Thursday, January 19, 2012

Gujarati Moments of my life

Real moments of my life.

Gujju uncle to mom: Tamari baby bou single che...

Me(thinking): Of course single che, I am 15, do you expect me to be committed at such a young age?

Mom: Haa... Game tetalu khavdavo to pan patadi j rahe che!

Me(enlightened!): Oh... you mean slim.


Gujju girl to me: Hu 'what' aapi ne avi, te apyo?

Me: what???

Gujju girl(showing her index finger marked with ink): Arey 'what' yaar...

Me(enlightened again!): Oh! Vote...


Scene: College AV room, gujju student presenting a topic to gujju sir.

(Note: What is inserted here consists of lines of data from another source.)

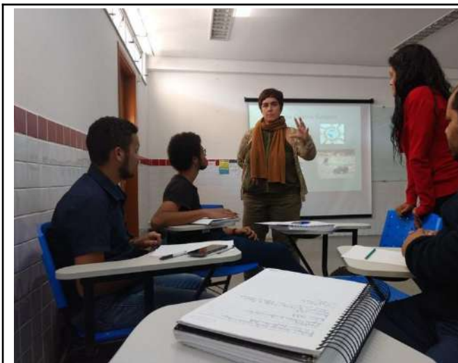
Figure 1: Campus Poços de Caldas film workshop – Students visit oil recycling cooperative.
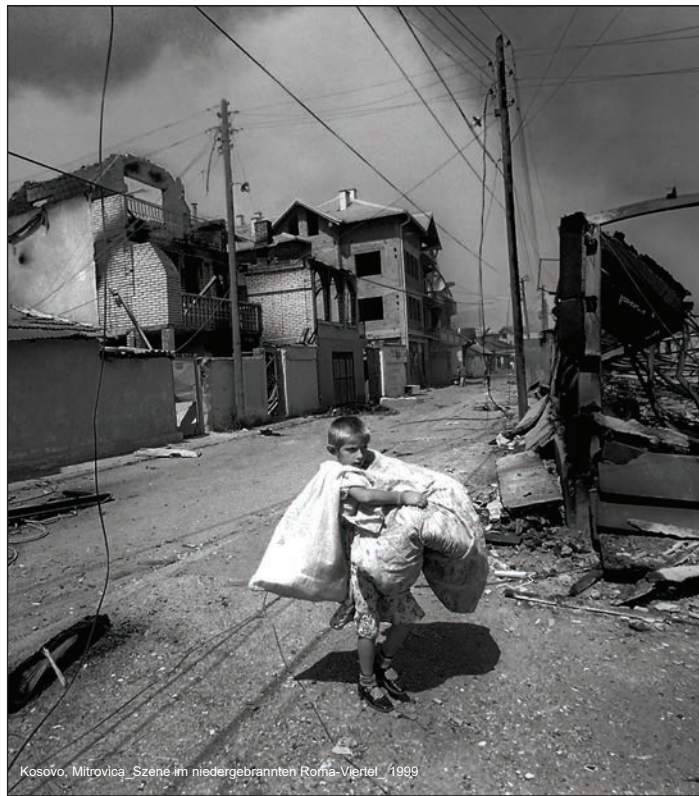
Kosovo, Mitrovica_Szene im niedergebrannten Roma-Viertel_ 1999
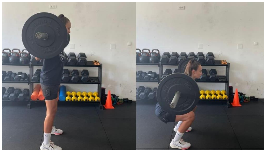
Slika 3 Stražnji čučanj

U nastavku ću prikazati neke od vježbi jakosti koje primjenjujemo unutar prethodno navedenih pod-faza.
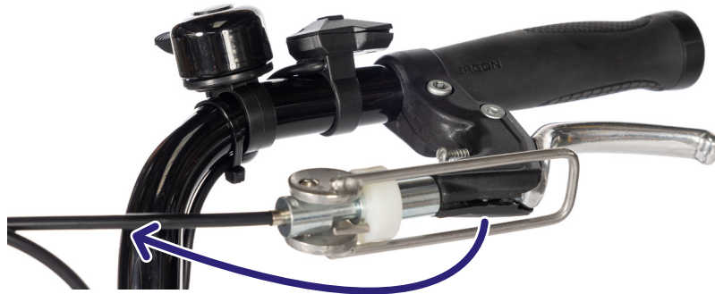
Figur 1: Du kan (de-)aktivere parkeringsbremsen ved å bevege denne spaken.

Så snart parkeringsbremsen treffer bremsespaken, aktiveres bremsen (figur 1).
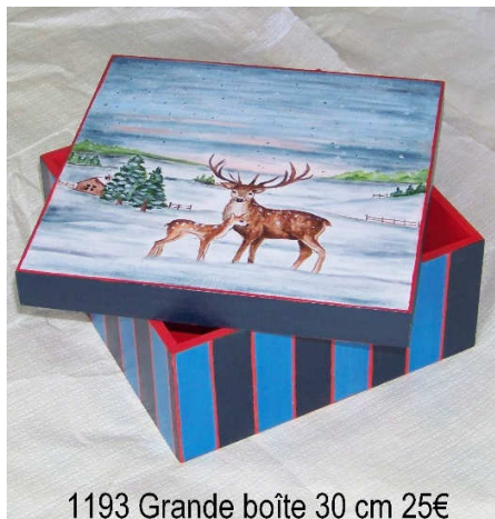
1193 Grande boîte 30 cm 25€
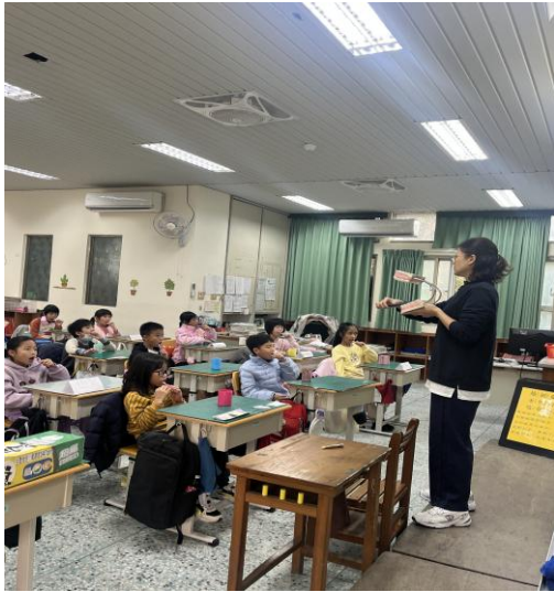
照片說明：貝氏刷牙課程教學
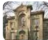
» Acquario Civico

Informazioni e orari di apertura: www.abbonamentomusei.it 800 329 329
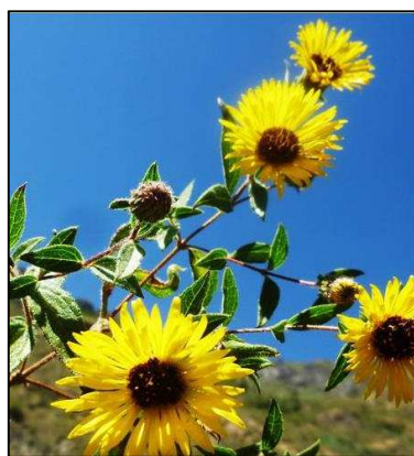
Figura 9. Chionopappus benthamii S.F. Blake.
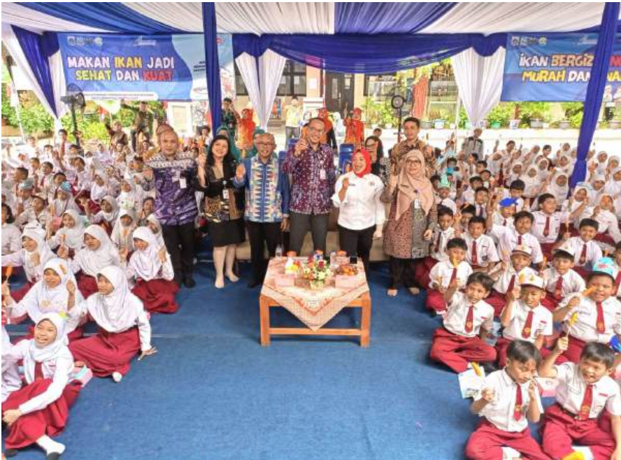
Safari Kampanye Gemarikan di SDN 01 Mangga Dua Selatan.

Perekonomian & Pemb 7 Aug, 2025 Reporter: Andre | Editor : Andreas Pamakayo
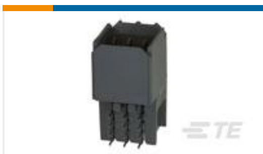
TE 产品编号5-5223961-1 TE UPM R/A Header 3P HC Power, LLL
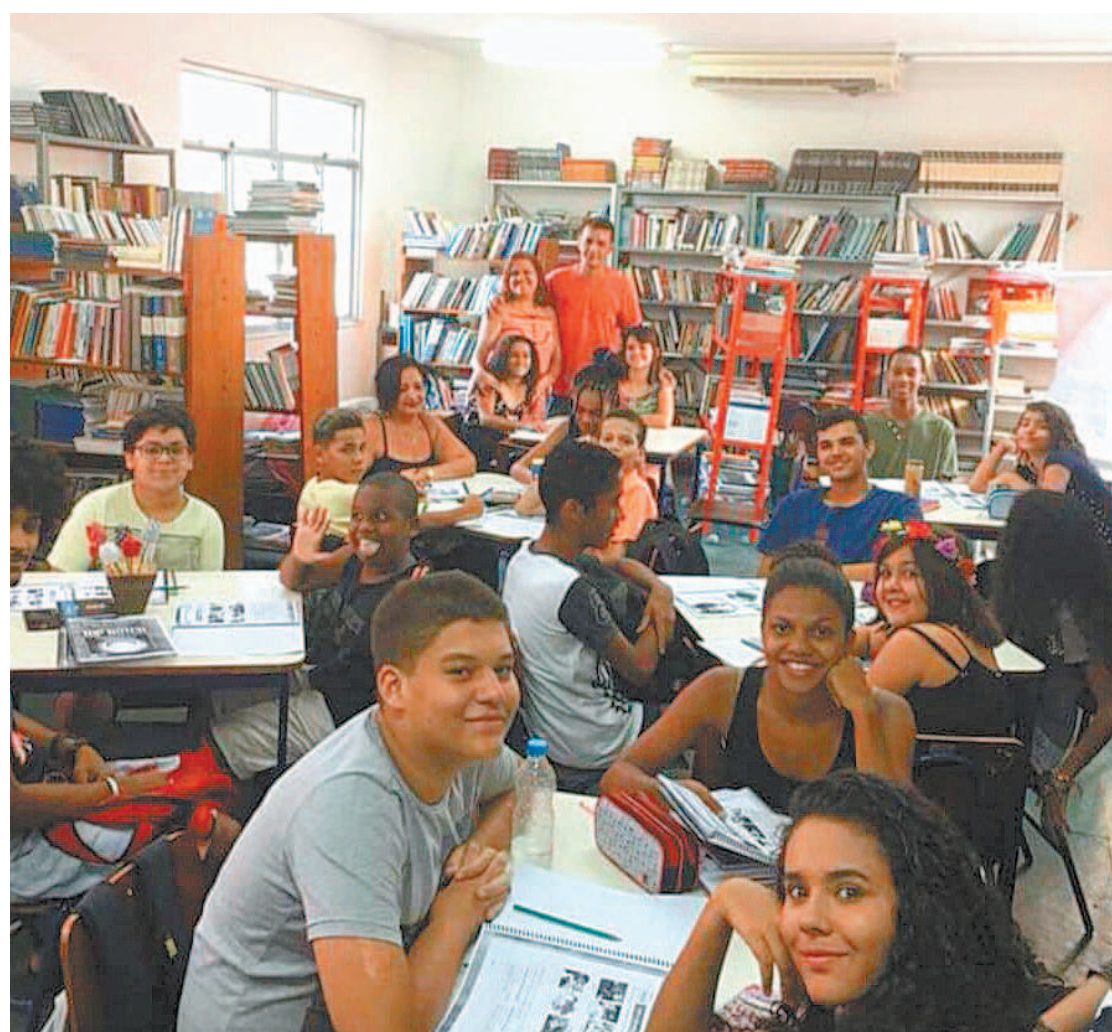
A Biblioteca Jornalista Tim Lopes tem um acervo de sete mil livros, para leitores de todos os gostos e idades
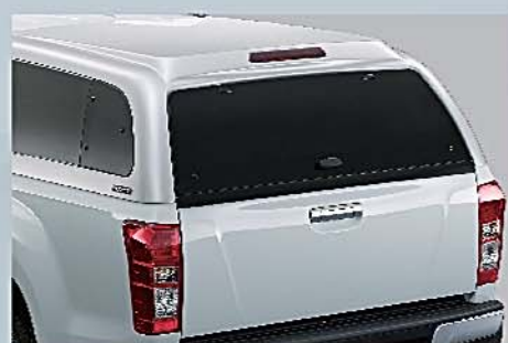
3 行李廂 Canopy
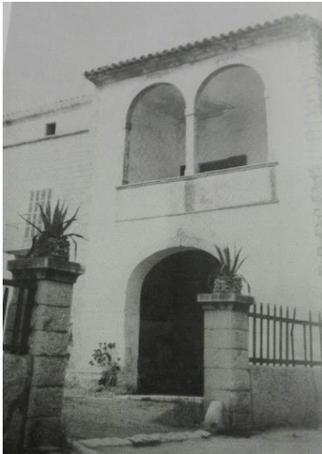
Fig. 15.: Ca'n Antic.
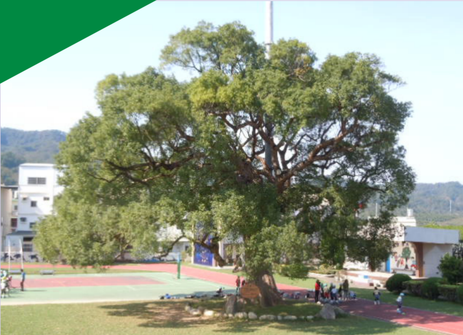
興隆國小校園內的千年大樟樹，是村民們的共同記憶。

苗栗縣銅鑼鄉的興隆社區，舊稱老雞隆，一個保留著自然古樸風格的鄉村，映入眼簾的是一大片農田和傳統的三合院建築，而村內唯一的學校興隆國小，傳來陣陣響亮、有活力的嬉鬧聲，彷彿宣告在這個人口逐漸老化的客家聚落中，有一群新生的小小力量正悄悄萌芽。
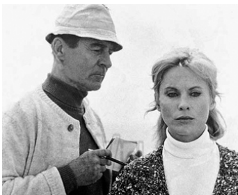
1969 LA PARTENAIRE (Violenza al sole) de Florestano Vancini avec Bibi Andersson
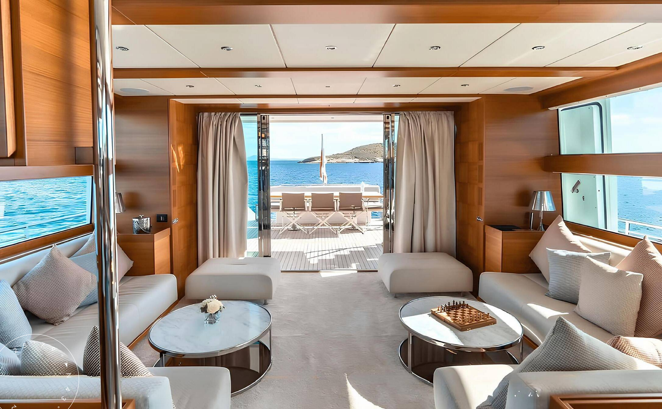
ЗОНА ОТДЫХА В ГЛАВНОМ САЛОНЕ
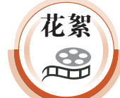
● 香港文匯報記者郭若溪 深圳報道

在志願者的指引下，汪女士完成了疫苗第一劑注射，「疫苗接種點安排都很科學，工作人員解釋到位，秩序也非常好。我會鼓勵家人、朋友盡快接種，大家齊心建立起一道群體免疫屏障。」
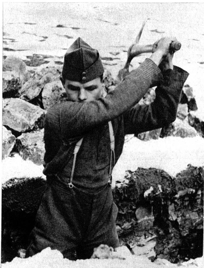
Manch Schreiber und Stubengeselle ist zum Schwerarbeiter geworden und hat heute Schwielenhände.
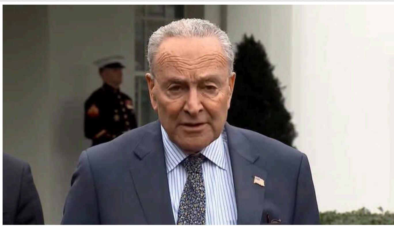
Без допомоги США Україна програє війну, а на НАТО може чекати розкол, – лідер демократів у Сенаті Чак Шумер

Лідер демократів у Сенаті Чак Шумер заявив, що Україна програє без допомоги США, після чого може розколиться НАТО.
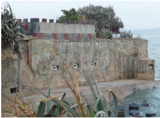
照片 2.20 混凝土
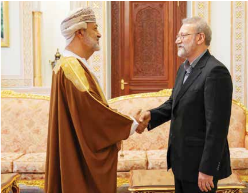
○ سلطان عمان لدى استقباله لاريجاني في مسقط.

طهران/دبي – (أ ب): أكدت سلطنة عمان وإيران، أمس، أهمية العودة إلى طاولة الحوار والتفاوض وتقريب وجهات النظر وحل الخلافات بطرق سلمية، لإحلال السلام والأمن في المنطقة والعالم. جاء ذلك خلال استقبال سلطان عمان هيثم بن طارق صباح أمس على لاريجاني أمين المجلس الأعلى للأمن القومي الإيراني، وفق وكالة الأنباء العمانية. وجرى خلال المقابلة بحث آخر المستجدات المتصلة بالمفاوضات الإيرانية الأمريكية، وسبل التوصل الى اتفاق متوازن وعادل بين الجانبين. والتقى لاريجاني كذلك وزير الخارجية بدر البوسعيدي الذي تولى الوساطة في المفاوضات
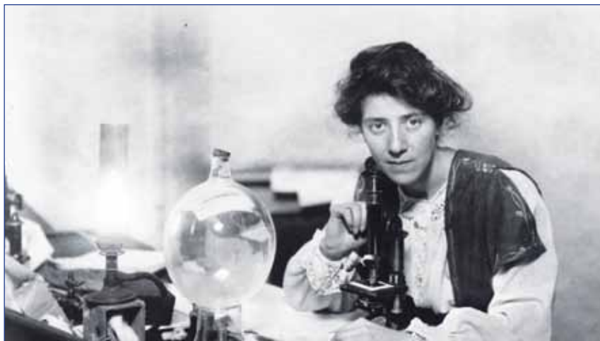
Marie Stopes (1880-1858)

Først var det Margaret Sanger, der blev taget af plakaten (se RFMnyt nr. 2, 2020). Nu er turen så kommet til "Marie Stopes International (MSI)", der for fremtiden skal hedde "MSI Reproductive Choices".
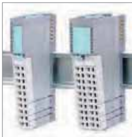
数字输入模块 数字输出模块 数字混合模块
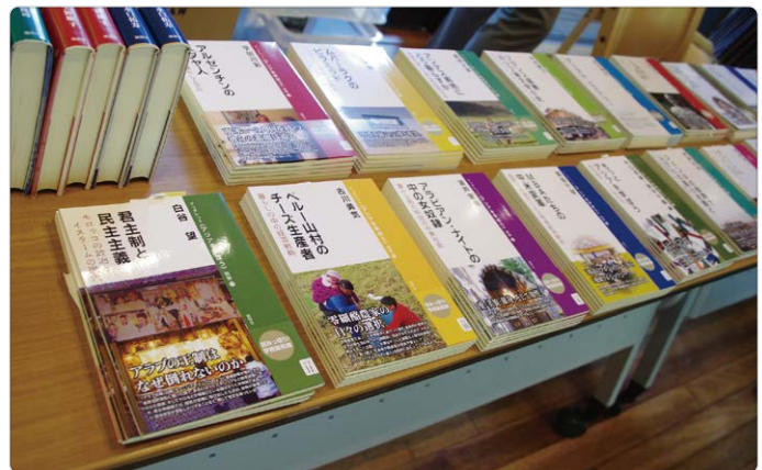
ブックレットとして出版
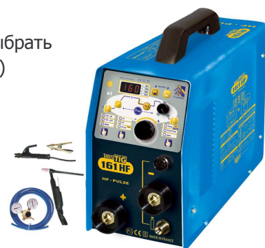
IMS TIG 161 HF с аксессуарами TIG SR17 и набором MMA Ref. 016330
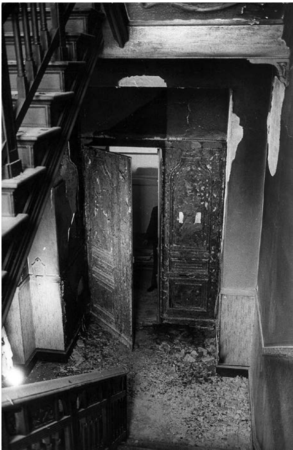
Brandspuren am Eingang zum Büro der Jüdischen Gemeinde nach dem Anschlag in der Joachimsthaler Straße, 9. Juli 1966

durch rechtsextreme Publikationen verwiesen, allen voran die „Deutsche National- und Soldatenzeitung“, die eindeutig antisemitische Tendenzen aufwies. Auf einige „haarsträubende Beispiele“ ihres neonazistischen Vokabulars verwies auf der Veranstaltung der Historiker und Publizist Joseph Wulf. Überdies machte er auf mehrere neonazistische Jugend- und Studentenzeitungen aufmerksam, die jüngst in Erscheinung getreten waren. Das Eintreten von Wulf gegen extrem rechte Akteure fand prompt eine Antwort, als er 1966/67 in West-Berlin ein „Internationales Dokumentationszentrum zur Erforschung des Nationalsozialismus und seiner Folgerscheinungen“ einzurichten versuchte. Als Standort sollte die Villa dienen, in der am 20. Januar 1942 die sogenannte „Wannsee-Konferenz“ stattgefunden hatte. Die Nationalzeitung hetzte von Beginn an gegen das
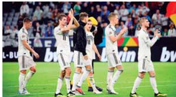
Los alemanes se mostraron satisfechos con el empate logrado ante Francia, considerando que es el actual campeón del mundo.

Me - sleeping in the class room

Gujju student - presenting with ultra confidence

Gujju sir - looking for some reason to corner gujju student

Gujju Sir(loudly): But how does it know which John to use?

Gujju Student(Even louder): It does this polling and selects a John closer and perfect to use!!!

Me(wide awake and wondering): John? What is John doing in a computer science subject?

Gujju Sir(exasperated): And how do we know the John is the one to use?

Me extremely confused look up at the projected slide to realize our John is actually a... ZONE!


Gujju Gal 1: Rujuta, mari jode peejho leva chalne...

Me(stumped): Peejho?

Gujju Gal 1: Haa peejho! Bou j bhukh lagi che...

Gujju Gal 2(whispering in my ears): She means pizza!

Me: OHHHH....! Chalo..!


Scene: Me and lighting guy discussing how to set lighting for an event.

Me: I want this particular area to be highlighted, the others lights must be off, only this area should be illuminated.

Lighting Guy: Ok ma'am, I will get fox lights to do the work.

Me: Are you sure, these fox lights will work?

Lighting Guy: Ofcourse ma'am they will, check this out!

Lighting guy demonstrated a spotlight thingy, and fox turned out to be the Gujarati version of FOCUS


Scene: English classes going on in college. Professor has just asked the students to translate 'Mummy e jamavanu banavyu.' into English. Many hands are raised up to give the answer, professor selects one confident looking girl.

Professor: Yes, tell me the English of that sentence.

Girl(with lots and lots of confidence): Mother was cooked!

Me - the only student in class banging the desk and howling with laughter, as the confident girl stares defiantly not knowing where she went wrong...

Note: All of above incidences have been related here in the lightest of the light manner, even though if I have offended someone I am sorry. If you still feel offended, go find yourself some good sense of humor.